*Source material:*
'''

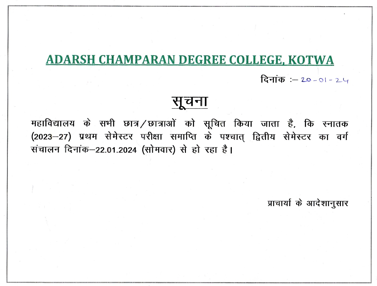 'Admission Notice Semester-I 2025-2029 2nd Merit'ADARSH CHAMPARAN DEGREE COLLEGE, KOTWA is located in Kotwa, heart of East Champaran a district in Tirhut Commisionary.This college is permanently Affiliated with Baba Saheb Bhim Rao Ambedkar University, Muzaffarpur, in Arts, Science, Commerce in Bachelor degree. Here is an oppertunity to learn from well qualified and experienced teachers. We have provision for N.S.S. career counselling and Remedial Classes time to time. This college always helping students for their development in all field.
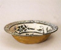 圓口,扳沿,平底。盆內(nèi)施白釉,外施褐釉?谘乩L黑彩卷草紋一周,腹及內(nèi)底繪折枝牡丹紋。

'''
'''

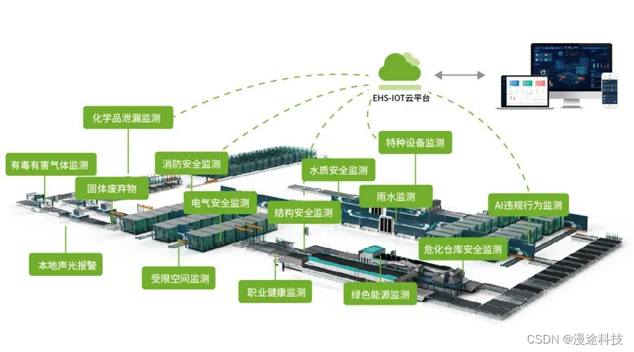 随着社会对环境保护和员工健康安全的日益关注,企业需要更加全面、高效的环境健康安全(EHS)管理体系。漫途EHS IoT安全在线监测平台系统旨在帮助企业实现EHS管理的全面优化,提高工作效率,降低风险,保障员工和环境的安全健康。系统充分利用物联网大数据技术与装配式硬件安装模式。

'''

*Aim of the exercise:* Copy nothing but the lines above that run from the one with "in all field." to the one with "圓口,扳沿,平底。盆內(nè", ends included; pictures stay out.

*Problem solution:*
 'Admission Notice Semester-I 2025-2029 2nd Merit'ADARSH CHAMPARAN DEGREE COLLEGE, KOTWA is located in Kotwa, heart of East Champaran a district in Tirhut Commisionary.This college is permanently Affiliated with Baba Saheb Bhim Rao Ambedkar University, Muzaffarpur, in Arts, Science, Commerce in Bachelor degree. Here is an oppertunity to learn from well qualified and experienced teachers. We have provision for N.S.S. career counselling and Remedial Classes time to time. This college always helping students for their development in all field.
 圓口,扳沿,平底。盆內(nèi)施白釉,外施褐釉?谘乩L黑彩卷草紋一周,腹及內(nèi)底繪折枝牡丹紋。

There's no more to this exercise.